The full set of entries below, restated word for word and stripped of images, is the expected result.

▬▬▬▬▬▬▬▬▬▬

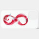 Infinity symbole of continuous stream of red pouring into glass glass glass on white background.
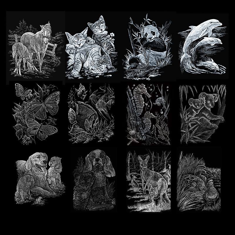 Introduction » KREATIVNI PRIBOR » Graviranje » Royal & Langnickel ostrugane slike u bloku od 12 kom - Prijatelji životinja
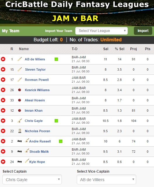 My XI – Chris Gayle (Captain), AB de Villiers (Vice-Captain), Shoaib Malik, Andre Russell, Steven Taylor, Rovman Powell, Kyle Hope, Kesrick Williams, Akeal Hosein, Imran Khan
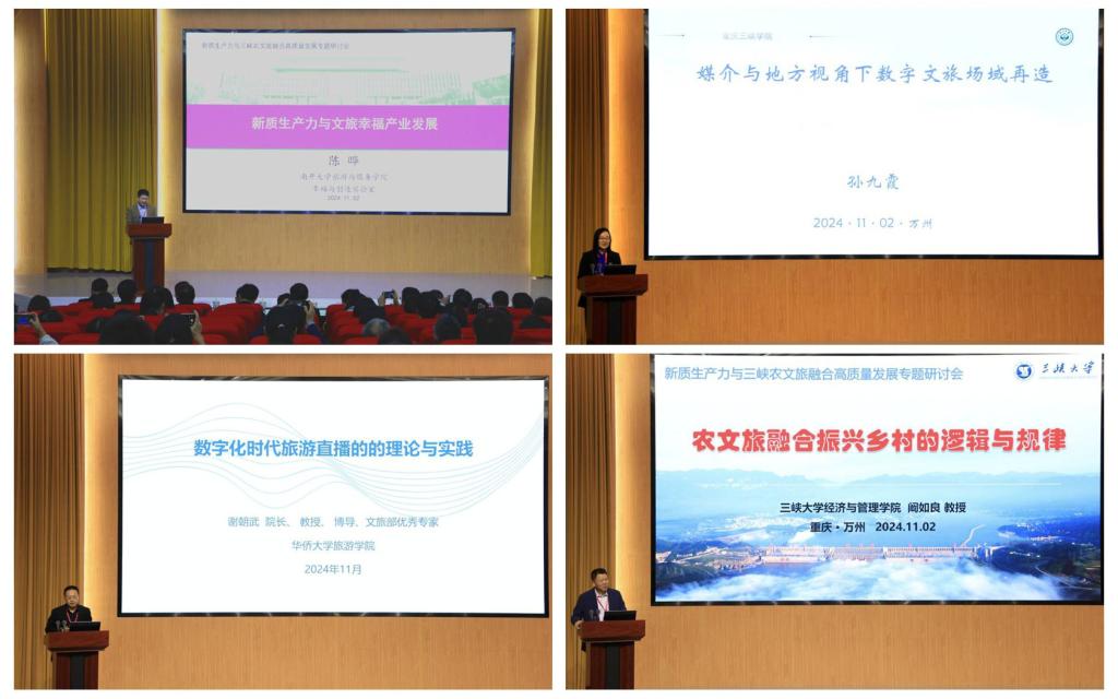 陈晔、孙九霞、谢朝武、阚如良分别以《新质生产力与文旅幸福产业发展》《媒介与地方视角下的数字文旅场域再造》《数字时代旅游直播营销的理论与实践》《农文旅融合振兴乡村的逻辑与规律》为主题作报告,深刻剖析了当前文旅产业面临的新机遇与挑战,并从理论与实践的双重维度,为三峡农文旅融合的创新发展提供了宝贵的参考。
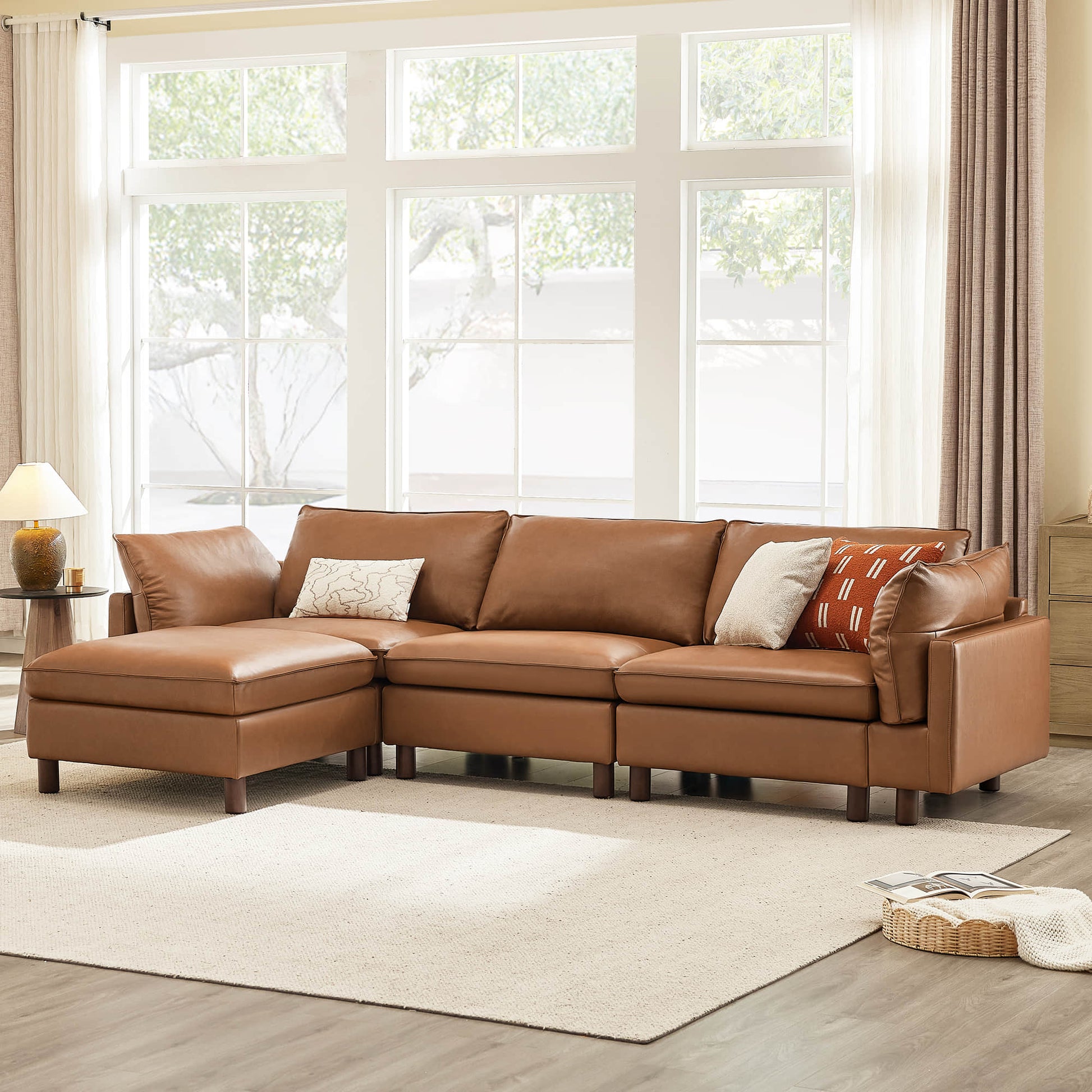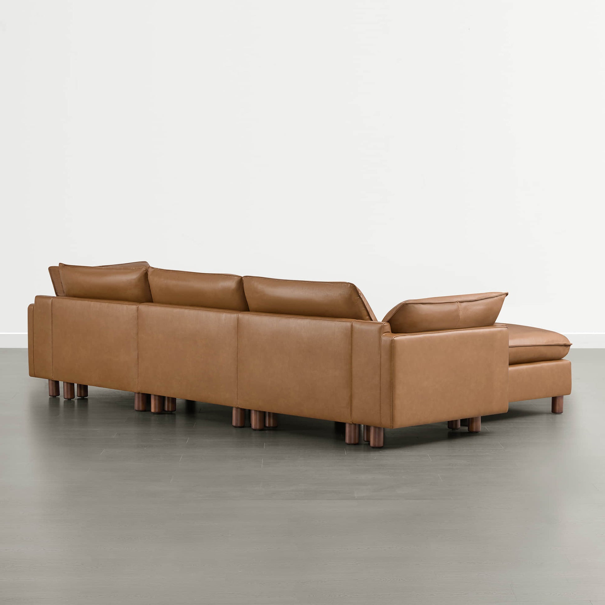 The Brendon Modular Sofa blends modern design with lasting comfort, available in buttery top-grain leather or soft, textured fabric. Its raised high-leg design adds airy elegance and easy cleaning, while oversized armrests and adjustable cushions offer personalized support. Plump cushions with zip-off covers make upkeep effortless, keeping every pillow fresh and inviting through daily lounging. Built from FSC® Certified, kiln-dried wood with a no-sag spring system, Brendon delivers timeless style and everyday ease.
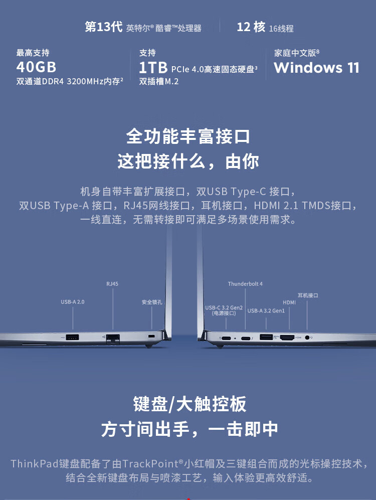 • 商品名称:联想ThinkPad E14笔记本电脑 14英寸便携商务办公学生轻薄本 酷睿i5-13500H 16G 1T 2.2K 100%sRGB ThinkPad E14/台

▬▬▬▬▬▬▬▬▬▬

Answer>
 Infinity symbole of continuous stream of red pouring into glass glass glass on white background.
 Introduction » KREATIVNI PRIBOR » Graviranje » Royal & Langnickel ostrugane slike u bloku od 12 kom - Prijatelji životinja
 My XI – Chris Gayle (Captain), AB de Villiers (Vice-Captain), Shoaib Malik, Andre Russell, Steven Taylor, Rovman Powell, Kyle Hope, Kesrick Williams, Akeal Hosein, Imran Khan
 陈晔、孙九霞、谢朝武、阚如良分别以《新质生产力与文旅幸福产业发展》《媒介与地方视角下的数字文旅场域再造》《数字时代旅游直播营销的理论与实践》《农文旅融合振兴乡村的逻辑与规律》为主题作报告,深刻剖析了当前文旅产业面临的新机遇与挑战,并从理论与实践的双重维度,为三峡农文旅融合的创新发展提供了宝贵的参考。
 The Brendon Modular Sofa blends modern design with lasting comfort, available in buttery top-grain leather or soft, textured fabric. Its raised high-leg design adds airy elegance and easy cleaning, while oversized armrests and adjustable cushions offer personalized support. Plump cushions with zip-off covers make upkeep effortless, keeping every pillow fresh and inviting through daily lounging. Built from FSC® Certified, kiln-dried wood with a no-sag spring system, Brendon delivers timeless style and everyday ease.
 • 商品名称:联想ThinkPad E14笔记本电脑 14英寸便携商务办公学生轻薄本 酷睿i5-13500H 16G 1T 2.2K 100%sRGB ThinkPad E14/台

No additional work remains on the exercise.